Success.  Now get a shorter array that matches some condition:

In [57]:
a =  np.random.random((2,3))

In [58]:
a

array([[ 0.82188953,  0.60211425,  0.73756468],
       [ 0.10959709,  0.4841543 ,  0.71186541]])

In [59]:
np.where(a > .5)

(array([0, 0, 0, 1]), array([0, 1, 2, 2]))

In [67]:
a[np.where((a > .5) & (a < .9))]


array([ 0.82188953,  0.60211425,  0.73756468,  0.71186541])

## Speed

In [68]:
a = np.random.random(1000)

Let's use the builtin `sum` command

In [69]:
%timeit np.sum(a)

The slowest run took 19.19 times longer than the fastest.

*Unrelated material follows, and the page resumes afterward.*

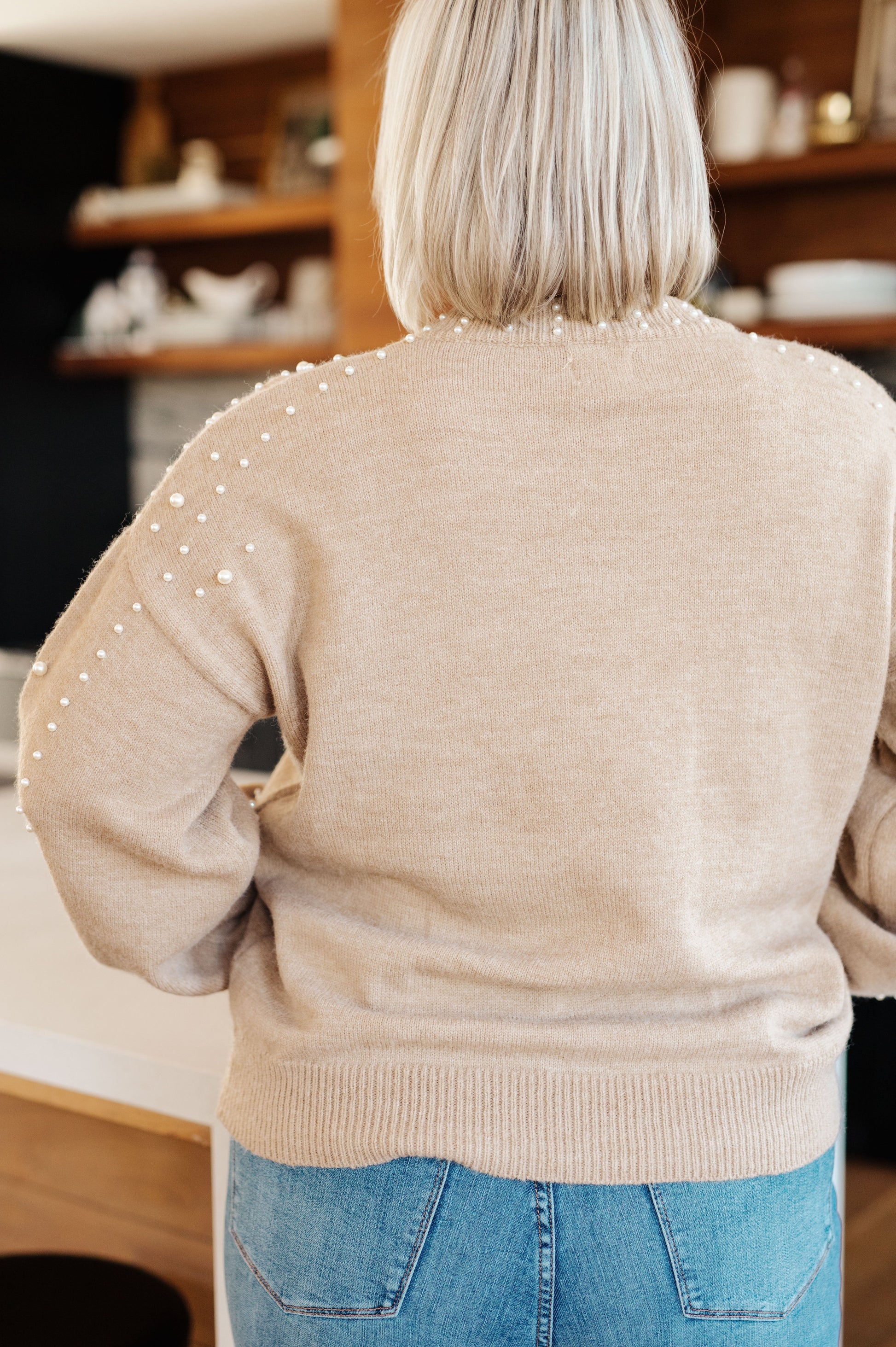 Stay stylish and cozy with our String Me Along Pearl Accent Sweater. Made from lightweight knit, this sweater features faux pearl accents, a ribbed crew neckline, dropped shoulders, and puff sleeves. Perfect for adding a touch of elegance to any outfit.

This could mean that an intermediate result is being cached 
100000 loops, best of 3: 6.98 µs per loop


In [70]:
def mysum(input):
    output = 0.
    for i in range(len(input)):
        output += input[i]
    return output

In [71]:
%timeit mysum(a)


1000 loops, best of 3: 246 µs per loop


**Lesson: avoid for loops over arrays of numbers as much as possible** 
Do operations with the entire array at once whenever you can.